La ONU y la OSCE acusan a Moscú de malos tratos sistemáticos a presos de guerra ucranios. Putin estudia retirar al país del tratado europeo contra la tortura

Maksim Butkevich, el sábado pasado en una cafetería de Kiev.
Óscar Gutiérrez (enviado especial)

El cinismo es un arma de guerra y Rusia un tirador certero. Su presidente, Vladímir Putin, tiene sobre la mesa la retirada del país del tratado europeo contra la tortura, del que es parte desde 1998. Una mofa política que ahonda en la herida abierta de miles de soldados y civiles ucranios en cárceles rusas víctimas de terribles vejaciones. Maksim Butkevich, de 48 años, es uno de ellos. Su relato es pausado, pero demoledor. Fue liberado en un canje de prisioneros de guerra el pasado 18 de octubre, tras dos años y cuatro meses de cautiverio.

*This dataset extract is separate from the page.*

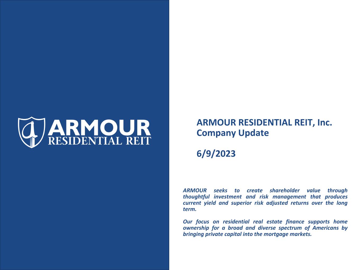 ARMOUR RESIDENTIAL REIT, Inc. Company Update 6/9/2023 ARMOUR seeks to create shareholder value through thoughtful investment and risk management that produces current yield and superior risk adjusted returns over the long term. Our focus on residential real estate finance supports home ownership for a broad and diverse spectrum of Americans by bringing private capital into the mortgage markets.

Admite que quizá suene raro decir que uno tiene miedo al temor, un juego de palabras, pero se entiende. “Recuerdo el temor en prisión cuando los guardias estaban cerca, en las celdas de al lado”, explica, “recuerdo cómo anticipaba el dolor, es lo que más miedo me daba”.

La historia de Butkevich, natural de Kiev, que antes de empuñar las armas fue periodista y defensor de los derechos humanos, con la BBC y Amnistía Internacional en su expediente, es similar a la de tantos ucranios que han pasado y pasan por centros de detención rusos. Con una particularidad y frustración: él salió de allí, otros no, y no sabe por qué. “Soy antifascista y quizá era el preso menos adecuado para ser acusado de nazi”, apostilla.

Una trampa

Aunque Butkevich no había sido amigo de la guerra, en la noche del 24 de febrero de 2022, unas horas después de que Moscú enviara sus tropas al país vecino, este se apuntó como voluntario para defender a su país. Participó con éxito en la resistencia y expulsión del enemigo de la periferia de Kiev. De ahí saltó al frente oriental al mando de un pelotón de 20 hombres. “No éramos conscientes de lo diferente que era allí la guerra”, reconoce. El 21 de junio de aquel año fue capturado junto a ocho de sus reclutas cerca del pueblo Mirna Dolina, en la provincia de Lugansk. Recuerda lo paradójico que era estar peleando en un lugar que, traducido, significa Valle Pacífico.

Les tendieron una trampa. El mando había ordenado a Butkevich y sus hombres acudir a un punto de observación. Los rusos estaban cerca. Se habían perdido las comunicaciones, pero el ruido de muchos vehículos les hizo pensar en marcharse. Un camarada de otra unidad les informó de que estaban rodeados y que si querían salvarse tenían que seguir sus directrices. El interlocutor, preso en ese momento del ejército ruso, les condujo bajo amenazas a campo abierto. “Os matarán si no tiráis las armas”, les advirtió en una nueva comunicación. Eran un objetivo fácil, así que Butkevich ordenó a los suyos capitular.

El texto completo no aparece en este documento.